Alguns programas vêm alcançando resultados positivos e ajudando a construir um caminho de melhoria do cenário em que as doenças respiratórias figuram, sobretudo depois da pandemia de COVID-19. Um desses programas, implementado tanto na APS da capital de São Paulo quanto em outros municípios, através de parceria público-privada, permitiu aumento de 120% na realização de espirometrias nas unidades básicas de saúde da capital paulista, desde o início da pandemia de COVID-19. Segundo a Sra. Karina, entre junho de 2021 e novembro de 2022 foram feitos 16.123 exames e a previsão para 2023 é realizar 19.500 exames de espirometrias e seis mutirões. Para a expansão desse programa, os profissionais de saúde da APS estão sendo capacitados na modalidade à distância, por meio de videoaulas, numa plataforma própria da Escola Municipal da Saúde.
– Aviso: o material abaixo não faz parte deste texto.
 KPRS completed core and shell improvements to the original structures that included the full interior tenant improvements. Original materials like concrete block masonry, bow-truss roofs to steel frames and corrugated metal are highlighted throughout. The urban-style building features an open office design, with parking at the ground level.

Dra. Eliane Mancuzo, médica coordenadora do Laboratório de Função Pulmonar do Hospital das Clínicas da Universidade Federal de Minas Gerais (HC-UFMG), também defende o treinamento remoto de técnicos da saúde como parte da solução para facilitar o acesso ao diagnóstico das doenças respiratórias e melhorar o tratamento através da APS. Um sistema nacional de tele-espirometria implantado pelo HC-UFMG, a partir de uma parceria com o Ministério da Saúde, teve início em novembro de 2021. A princípio eram 100 municípios brasileiros recebendo espirômetros e 100 profissionais de saúde treinados. Recentemente ampliou-se com a aquisição de mais 70 espirômetros e treinamento de outros 70 técnicos, totalizando cerca de 4 mil exames já realizados. “O técnico faz a espirometria no município e encaminha pela plataforma Telessaúde. A equipe de pneumologistas do HC-UFMG analisa e emite o laudo, devolvendo-o à APS”, explica Dra. Eliane. Segundo ela, outro componente essencial é a teleconsultoria, através da qual o pneumologista que prepara os laudos pode esclarecer qualquer dúvida que os técnicos da APS apresentem. Ele complementa que “o projeto mostrou ser possível treinar um profissional não especialista para fazer espirometria com qualidade”.
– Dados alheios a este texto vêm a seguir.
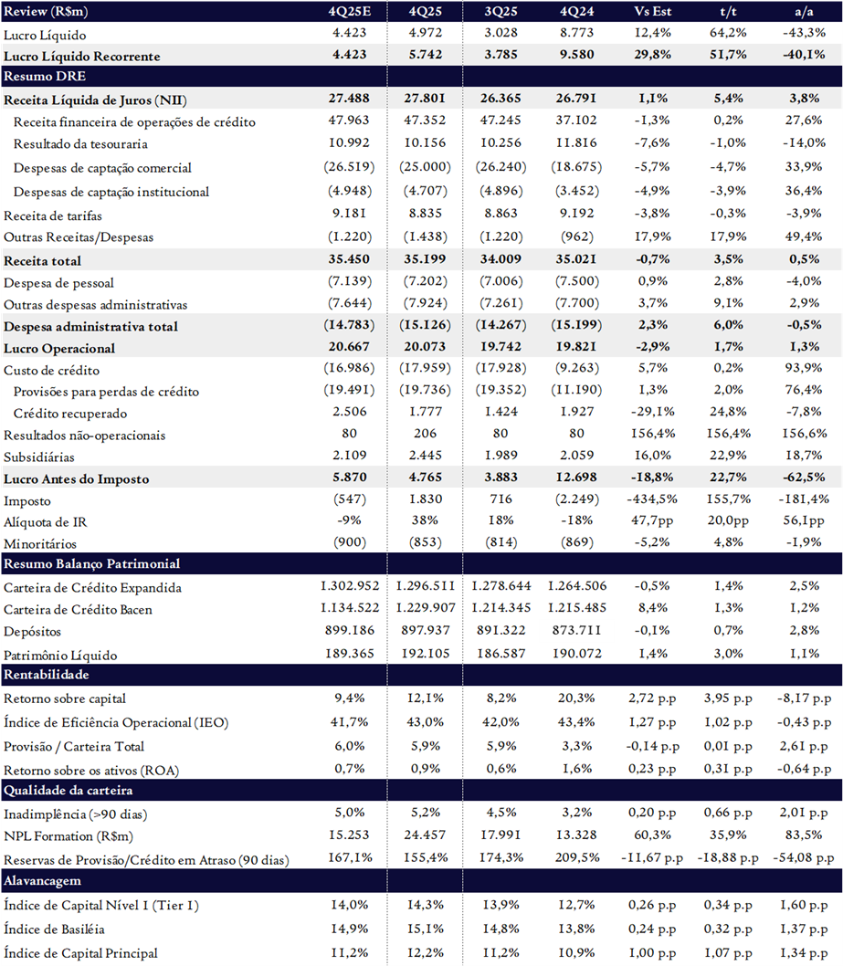 Apesar do lucro ter vindo substancialmente acima das expectativas, a qualidade do resultado permanece fragilizada. O lucro antes de impostos (LAIR) totalizou R$ 4,77b, queda de 62,5% a/a e 19% abaixo das nossas estimativas, evidenciando que o resultado final foi fortemente beneficiado por uma alíquota efetiva positiva de +38% (vs. +18% no 3T25 e -18 no 4T25), impulsionada pelo pagamento de R$ 1,5 bilhão em JCP e créditos tributários. Ajustando pelo benefício fiscal, o resultado operacional permanece pressionado pelo custo de crédito elevado (R$ 18 bi) e deterioração contínua do agronegócio.

Com o objetivo de aprimorar os serviços voltados à saúde respiratória no país, a Sra. Flávia Lima, presidente da Associação Brasileira de Apoio à Família com Hipertensão Pulmonar e Doenças Correlatas (ABRAF) sugere que “as pessoas com essas condições crônicas sejam mais ouvidas e, com isso, suas dificuldades e necessidade principais identificadas e valorizadas no planejamento de ações e políticas de saúde”. De acordo com o Dr. Mark Barone, coordenador geral do FórumDCNTs, “é exatamente essa associação entre programas de qualidade, integração entre os níveis de atenção e trabalho intersetorial, que inclua a participação do usuário, que nos permitirá avançar e tirar as doenças respiratórias crônicas de disputar a liderança entre as doenças que mais causam mortes prematuras no país”.